> **EXERCISE BRIEF**
Copy nothing but the lines below running from the line containing "Elevate your Navy" through the line containing "5年生が図画工作科の学習で、「糸のこ」を使って活動をしています。", both end lines included.

(Beginning of RECORD EXTRACTS)

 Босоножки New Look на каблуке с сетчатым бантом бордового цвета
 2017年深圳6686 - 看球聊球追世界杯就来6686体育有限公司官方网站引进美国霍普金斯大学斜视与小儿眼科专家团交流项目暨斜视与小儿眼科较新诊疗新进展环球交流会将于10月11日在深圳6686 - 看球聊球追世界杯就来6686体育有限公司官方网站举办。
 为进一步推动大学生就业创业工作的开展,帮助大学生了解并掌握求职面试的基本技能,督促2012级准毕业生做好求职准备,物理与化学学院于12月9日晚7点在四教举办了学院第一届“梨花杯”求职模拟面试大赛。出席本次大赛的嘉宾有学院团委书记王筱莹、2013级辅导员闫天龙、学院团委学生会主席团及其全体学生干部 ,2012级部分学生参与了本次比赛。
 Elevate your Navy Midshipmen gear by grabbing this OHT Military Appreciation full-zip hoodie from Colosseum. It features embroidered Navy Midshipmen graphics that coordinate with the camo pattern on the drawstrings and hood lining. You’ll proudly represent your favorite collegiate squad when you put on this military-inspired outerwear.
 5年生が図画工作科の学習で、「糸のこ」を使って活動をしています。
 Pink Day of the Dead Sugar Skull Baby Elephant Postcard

(End of RECORD EXTRACTS)
(Beginning of RECORD EXTRACTS)

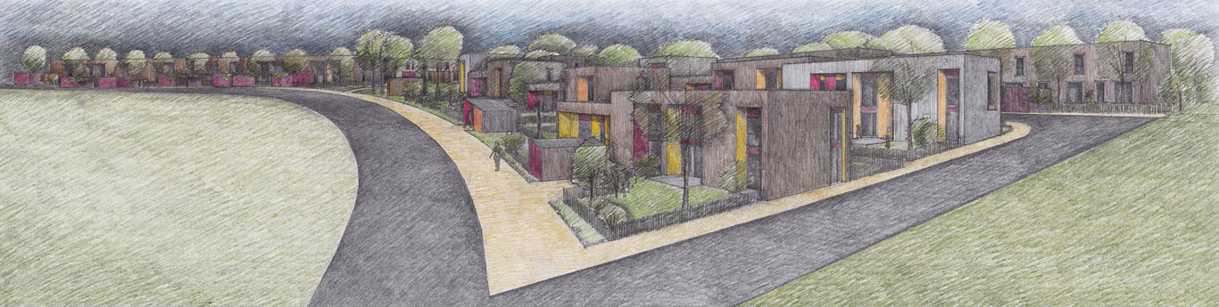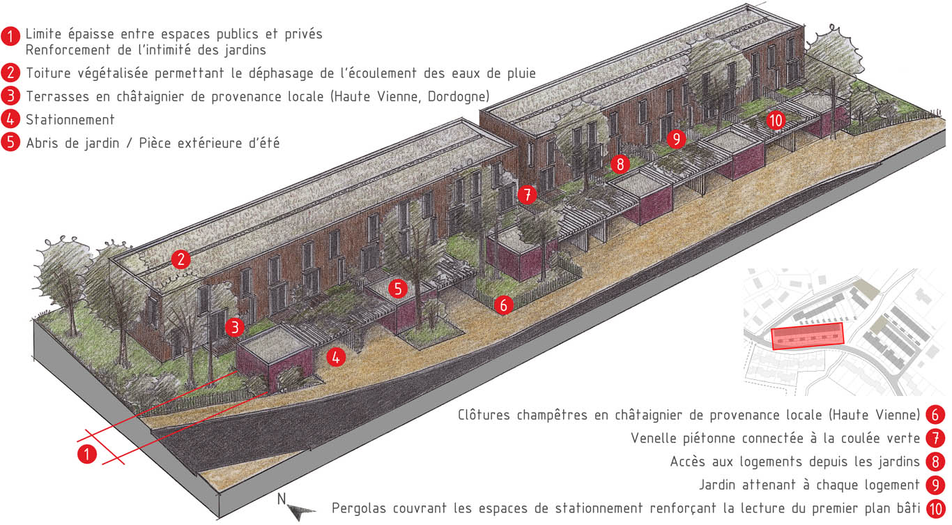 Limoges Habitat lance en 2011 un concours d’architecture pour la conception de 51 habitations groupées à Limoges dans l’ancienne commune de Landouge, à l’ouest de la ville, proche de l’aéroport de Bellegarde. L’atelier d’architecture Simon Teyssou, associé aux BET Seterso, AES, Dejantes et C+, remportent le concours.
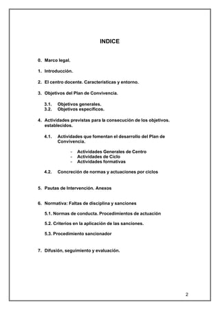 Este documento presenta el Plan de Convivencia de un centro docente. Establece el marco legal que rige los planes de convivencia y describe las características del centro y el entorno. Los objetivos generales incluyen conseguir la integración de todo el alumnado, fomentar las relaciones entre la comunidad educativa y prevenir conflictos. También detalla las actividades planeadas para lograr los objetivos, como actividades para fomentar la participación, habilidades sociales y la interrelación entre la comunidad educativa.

(End of RECORD EXTRACTS)

> **EXERCISE SOLUTION**
 Elevate your Navy Midshipmen gear by grabbing this OHT Military Appreciation full-zip hoodie from Colosseum. It features embroidered Navy Midshipmen graphics that coordinate with the camo pattern on the drawstrings and hood lining. You’ll proudly represent your favorite collegiate squad when you put on this military-inspired outerwear.
 5年生が図画工作科の学習で、「糸のこ」を使って活動をしています。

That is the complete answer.